__AIM OF THE TASK__. Repeat what the lines below say, word for word, and skip every image.

__DATA SEGMENT__.
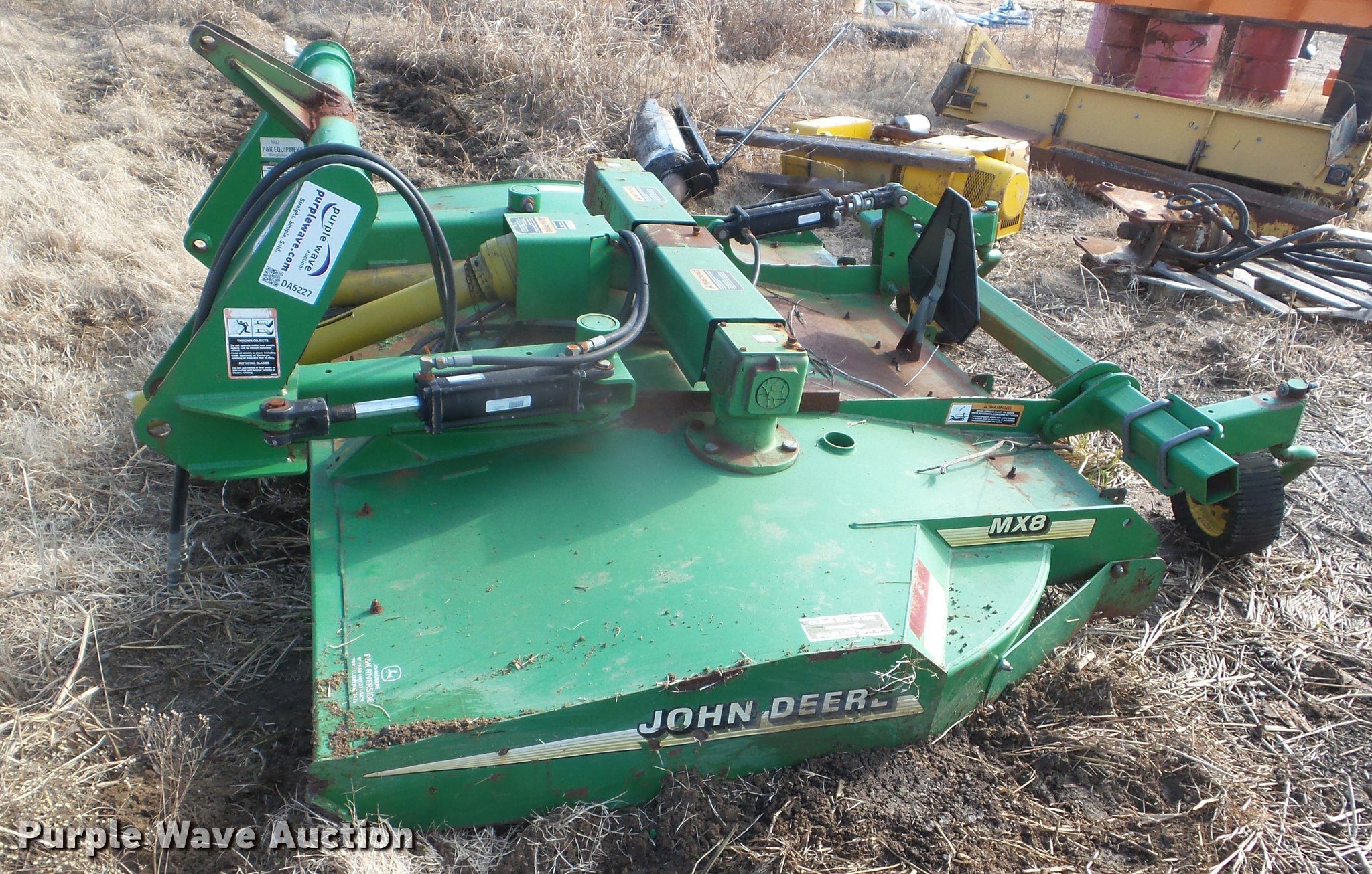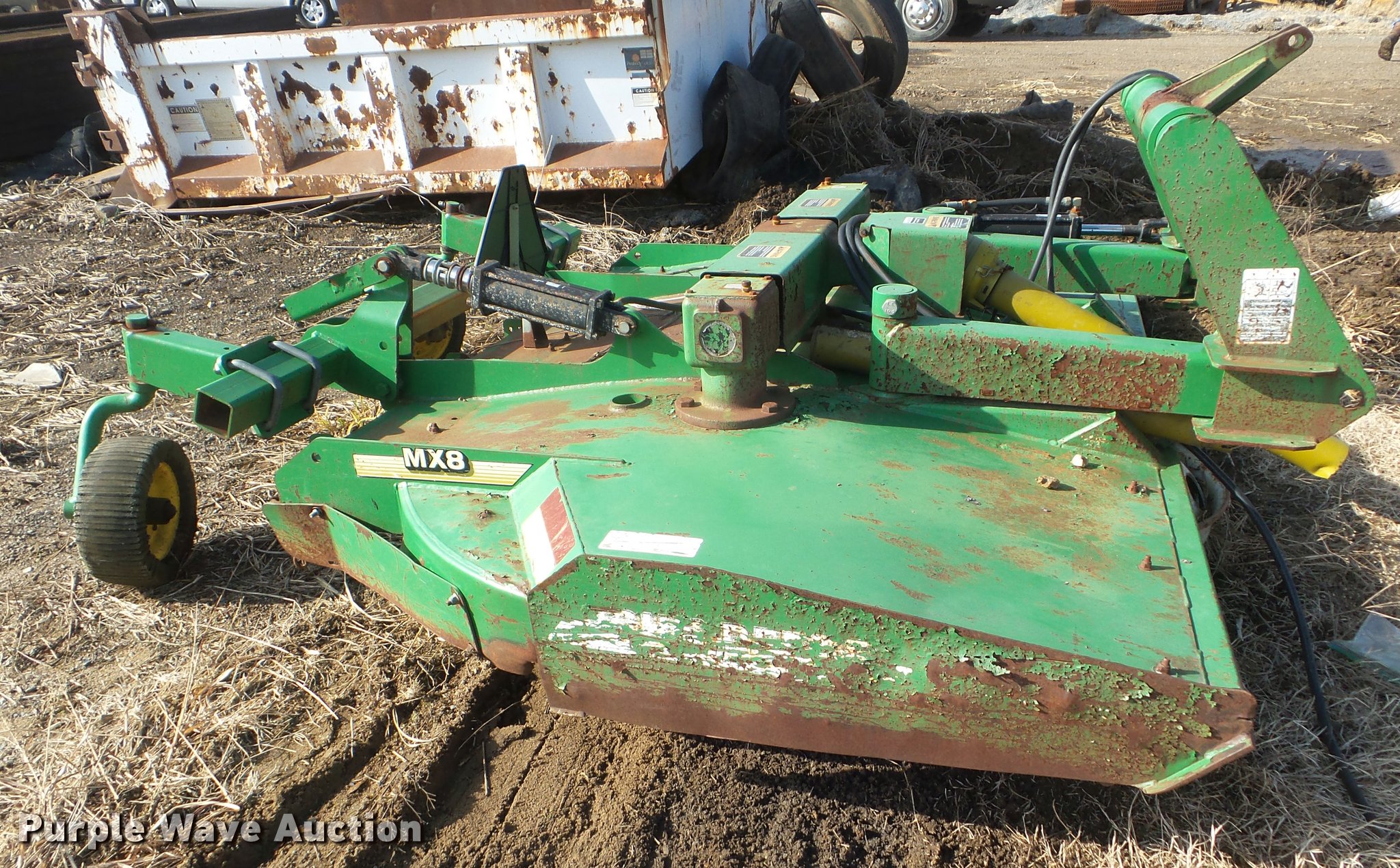 Purple Wave is selling a used Mower, Cutter, Shredder in Oklahoma. This item is a John Deere MX8 rotary mower with the following: 8'W, Hydraulic lift and swing, Three point, (2) 13" solid tires, PTO yoke missing, Unknown operating condition, Serial W00MX86009111
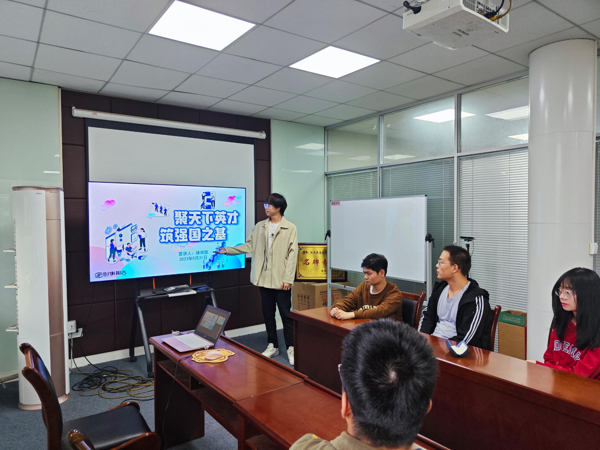 徐祥凯同学进行了主题为“聚天下英才,筑强国之基”的宣讲,从我国实施人才强国战略的现实考量、我国人才发展面临的新阶段、聚天下英才而用之的政策措施三个方面进行宣讲,引导员工深怀爱国之心、砥砺报国之志,成为为国所需的栋梁之材,肩负起时代赋予的使命与责任
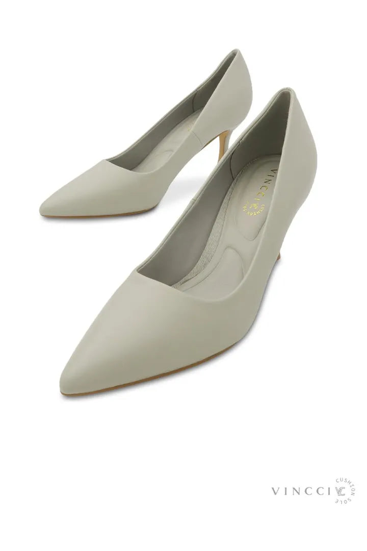 Pointy toe work court, Slip on style, Cushioned footbed gives lasting comfort, Kitten heel, Polyurethane insole and outsole, Grey color.

__THE ANSWER__.
 Purple Wave is selling a used Mower, Cutter, Shredder in Oklahoma. This item is a John Deere MX8 rotary mower with the following: 8'W, Hydraulic lift and swing, Three point, (2) 13" solid tires, PTO yoke missing, Unknown operating condition, Serial W00MX86009111
 徐祥凯同学进行了主题为“聚天下英才,筑强国之基”的宣讲,从我国实施人才强国战略的现实考量、我国人才发展面临的新阶段、聚天下英才而用之的政策措施三个方面进行宣讲,引导员工深怀爱国之心、砥砺报国之志,成为为国所需的栋梁之材,肩负起时代赋予的使命与责任
 Pointy toe work court, Slip on style, Cushioned footbed gives lasting comfort, Kitten heel, Polyurethane insole and outsole, Grey color.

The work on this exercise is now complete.